[Opening SUPPLIED INFORMATION section]

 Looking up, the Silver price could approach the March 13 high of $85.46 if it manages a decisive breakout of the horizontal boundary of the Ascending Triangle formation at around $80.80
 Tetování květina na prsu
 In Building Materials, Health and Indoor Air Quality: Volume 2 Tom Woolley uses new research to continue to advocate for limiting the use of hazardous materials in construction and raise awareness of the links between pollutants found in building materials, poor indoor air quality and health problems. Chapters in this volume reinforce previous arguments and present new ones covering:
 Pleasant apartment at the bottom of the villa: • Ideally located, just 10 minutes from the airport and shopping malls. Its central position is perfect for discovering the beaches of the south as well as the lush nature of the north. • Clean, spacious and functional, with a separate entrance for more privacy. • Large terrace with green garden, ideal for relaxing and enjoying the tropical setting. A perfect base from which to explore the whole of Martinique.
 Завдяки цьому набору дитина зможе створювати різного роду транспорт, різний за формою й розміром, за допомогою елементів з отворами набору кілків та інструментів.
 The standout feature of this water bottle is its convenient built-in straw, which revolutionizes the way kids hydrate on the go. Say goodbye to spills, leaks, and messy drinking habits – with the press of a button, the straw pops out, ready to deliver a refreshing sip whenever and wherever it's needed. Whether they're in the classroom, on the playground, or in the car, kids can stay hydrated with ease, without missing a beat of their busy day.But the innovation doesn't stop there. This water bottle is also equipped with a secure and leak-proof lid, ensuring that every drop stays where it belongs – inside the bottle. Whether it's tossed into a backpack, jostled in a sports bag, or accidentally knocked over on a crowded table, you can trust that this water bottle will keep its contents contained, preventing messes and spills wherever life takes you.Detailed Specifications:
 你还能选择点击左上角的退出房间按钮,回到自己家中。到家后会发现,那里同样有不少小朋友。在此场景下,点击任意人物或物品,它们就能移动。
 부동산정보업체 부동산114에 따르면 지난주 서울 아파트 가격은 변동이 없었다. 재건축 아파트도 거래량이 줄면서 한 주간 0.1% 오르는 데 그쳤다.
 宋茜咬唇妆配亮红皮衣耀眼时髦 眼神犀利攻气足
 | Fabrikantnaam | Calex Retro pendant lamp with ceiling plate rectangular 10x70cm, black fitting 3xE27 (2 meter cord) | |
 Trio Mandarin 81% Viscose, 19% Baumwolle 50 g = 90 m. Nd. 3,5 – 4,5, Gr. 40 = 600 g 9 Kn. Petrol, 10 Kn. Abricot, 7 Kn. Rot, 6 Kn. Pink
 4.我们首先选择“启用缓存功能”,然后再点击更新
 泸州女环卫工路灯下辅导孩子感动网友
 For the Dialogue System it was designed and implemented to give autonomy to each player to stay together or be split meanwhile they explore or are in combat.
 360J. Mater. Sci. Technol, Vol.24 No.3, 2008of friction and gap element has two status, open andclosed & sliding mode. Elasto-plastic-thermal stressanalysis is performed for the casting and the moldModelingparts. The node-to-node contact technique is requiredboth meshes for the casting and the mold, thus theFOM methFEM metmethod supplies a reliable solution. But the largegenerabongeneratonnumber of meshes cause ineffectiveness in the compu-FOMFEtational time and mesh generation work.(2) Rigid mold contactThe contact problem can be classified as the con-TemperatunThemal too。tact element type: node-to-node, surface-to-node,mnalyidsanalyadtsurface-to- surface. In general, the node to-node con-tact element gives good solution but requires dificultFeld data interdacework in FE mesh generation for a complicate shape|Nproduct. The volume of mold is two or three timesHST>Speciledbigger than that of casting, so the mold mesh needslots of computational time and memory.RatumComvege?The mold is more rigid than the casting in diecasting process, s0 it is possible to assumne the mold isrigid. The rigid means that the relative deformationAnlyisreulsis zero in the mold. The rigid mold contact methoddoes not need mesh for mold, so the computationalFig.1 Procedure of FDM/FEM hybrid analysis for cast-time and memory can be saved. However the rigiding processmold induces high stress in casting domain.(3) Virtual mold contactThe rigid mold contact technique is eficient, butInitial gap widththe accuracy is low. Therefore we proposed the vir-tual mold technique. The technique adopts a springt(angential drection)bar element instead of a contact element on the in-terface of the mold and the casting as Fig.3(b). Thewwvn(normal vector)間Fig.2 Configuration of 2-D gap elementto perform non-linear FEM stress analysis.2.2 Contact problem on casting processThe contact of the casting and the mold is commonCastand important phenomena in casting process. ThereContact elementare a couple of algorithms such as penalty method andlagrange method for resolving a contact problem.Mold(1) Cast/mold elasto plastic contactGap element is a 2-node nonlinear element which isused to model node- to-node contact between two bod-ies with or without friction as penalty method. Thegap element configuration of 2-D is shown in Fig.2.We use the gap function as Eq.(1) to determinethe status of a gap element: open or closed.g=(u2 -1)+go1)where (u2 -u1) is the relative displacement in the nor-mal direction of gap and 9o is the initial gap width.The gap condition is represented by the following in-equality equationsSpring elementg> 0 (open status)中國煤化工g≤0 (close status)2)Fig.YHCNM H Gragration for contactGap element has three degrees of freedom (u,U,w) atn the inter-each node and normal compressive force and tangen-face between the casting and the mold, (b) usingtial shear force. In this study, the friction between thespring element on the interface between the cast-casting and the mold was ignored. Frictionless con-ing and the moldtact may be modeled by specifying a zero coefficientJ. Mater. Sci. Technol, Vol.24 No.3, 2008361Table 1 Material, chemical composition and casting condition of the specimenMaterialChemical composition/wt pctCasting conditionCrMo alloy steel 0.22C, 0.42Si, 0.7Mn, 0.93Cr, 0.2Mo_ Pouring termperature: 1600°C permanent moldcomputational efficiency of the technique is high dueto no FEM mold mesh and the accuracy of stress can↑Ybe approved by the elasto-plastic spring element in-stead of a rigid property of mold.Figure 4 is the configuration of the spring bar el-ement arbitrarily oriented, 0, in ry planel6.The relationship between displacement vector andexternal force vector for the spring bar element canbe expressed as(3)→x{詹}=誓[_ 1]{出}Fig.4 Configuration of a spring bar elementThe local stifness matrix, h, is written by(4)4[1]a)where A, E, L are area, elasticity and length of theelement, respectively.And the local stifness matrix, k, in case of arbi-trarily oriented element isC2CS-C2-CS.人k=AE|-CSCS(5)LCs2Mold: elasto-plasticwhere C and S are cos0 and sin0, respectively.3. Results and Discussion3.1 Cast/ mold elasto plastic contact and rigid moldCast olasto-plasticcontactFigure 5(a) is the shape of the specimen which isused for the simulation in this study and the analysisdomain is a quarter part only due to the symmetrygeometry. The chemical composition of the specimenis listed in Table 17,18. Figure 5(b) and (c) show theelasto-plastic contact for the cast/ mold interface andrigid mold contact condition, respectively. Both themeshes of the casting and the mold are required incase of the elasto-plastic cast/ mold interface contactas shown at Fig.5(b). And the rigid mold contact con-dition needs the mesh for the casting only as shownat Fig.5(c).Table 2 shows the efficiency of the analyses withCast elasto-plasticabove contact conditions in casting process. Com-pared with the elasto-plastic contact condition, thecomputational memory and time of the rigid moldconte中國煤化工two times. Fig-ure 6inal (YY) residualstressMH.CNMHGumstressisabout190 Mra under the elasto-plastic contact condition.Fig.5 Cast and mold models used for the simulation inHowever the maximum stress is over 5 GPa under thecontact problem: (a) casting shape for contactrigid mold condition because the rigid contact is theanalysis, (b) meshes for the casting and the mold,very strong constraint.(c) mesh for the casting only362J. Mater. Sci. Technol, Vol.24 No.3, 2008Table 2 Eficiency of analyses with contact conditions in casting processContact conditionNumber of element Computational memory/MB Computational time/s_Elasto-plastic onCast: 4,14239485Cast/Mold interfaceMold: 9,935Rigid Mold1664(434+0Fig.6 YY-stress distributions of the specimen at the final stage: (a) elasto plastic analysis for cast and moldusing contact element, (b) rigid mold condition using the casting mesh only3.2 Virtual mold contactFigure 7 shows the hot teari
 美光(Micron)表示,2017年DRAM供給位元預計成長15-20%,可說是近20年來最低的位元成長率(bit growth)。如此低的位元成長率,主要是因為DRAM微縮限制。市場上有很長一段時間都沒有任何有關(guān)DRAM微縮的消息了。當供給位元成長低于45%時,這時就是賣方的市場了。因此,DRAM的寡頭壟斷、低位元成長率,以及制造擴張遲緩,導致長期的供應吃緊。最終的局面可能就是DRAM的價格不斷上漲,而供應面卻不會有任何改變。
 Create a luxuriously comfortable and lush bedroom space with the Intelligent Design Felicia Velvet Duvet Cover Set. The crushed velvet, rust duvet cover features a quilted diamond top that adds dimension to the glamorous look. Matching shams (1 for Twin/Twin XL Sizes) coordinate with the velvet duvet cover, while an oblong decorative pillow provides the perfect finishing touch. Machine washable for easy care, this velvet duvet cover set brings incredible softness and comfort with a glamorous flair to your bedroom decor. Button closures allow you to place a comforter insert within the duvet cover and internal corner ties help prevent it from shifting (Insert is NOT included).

[Closing SUPPLIED INFORMATION section]

PROBLEM TO SOLVE
Output the lines of the records above exactly as they appear, from the line containing "Trio Mandarin 81%" through the line containing "For the Dialogue".

TASK OUTPUT
 Trio Mandarin 81% Viscose, 19% Baumwolle 50 g = 90 m. Nd. 3,5 – 4,5, Gr. 40 = 600 g 9 Kn. Petrol, 10 Kn. Abricot, 7 Kn. Rot, 6 Kn. Pink
 4.我们首先选择“启用缓存功能”,然后再点击更新
 泸州女环卫工路灯下辅导孩子感动网友
 For the Dialogue System it was designed and implemented to give autonomy to each player to stay together or be split meanwhile they explore or are in combat.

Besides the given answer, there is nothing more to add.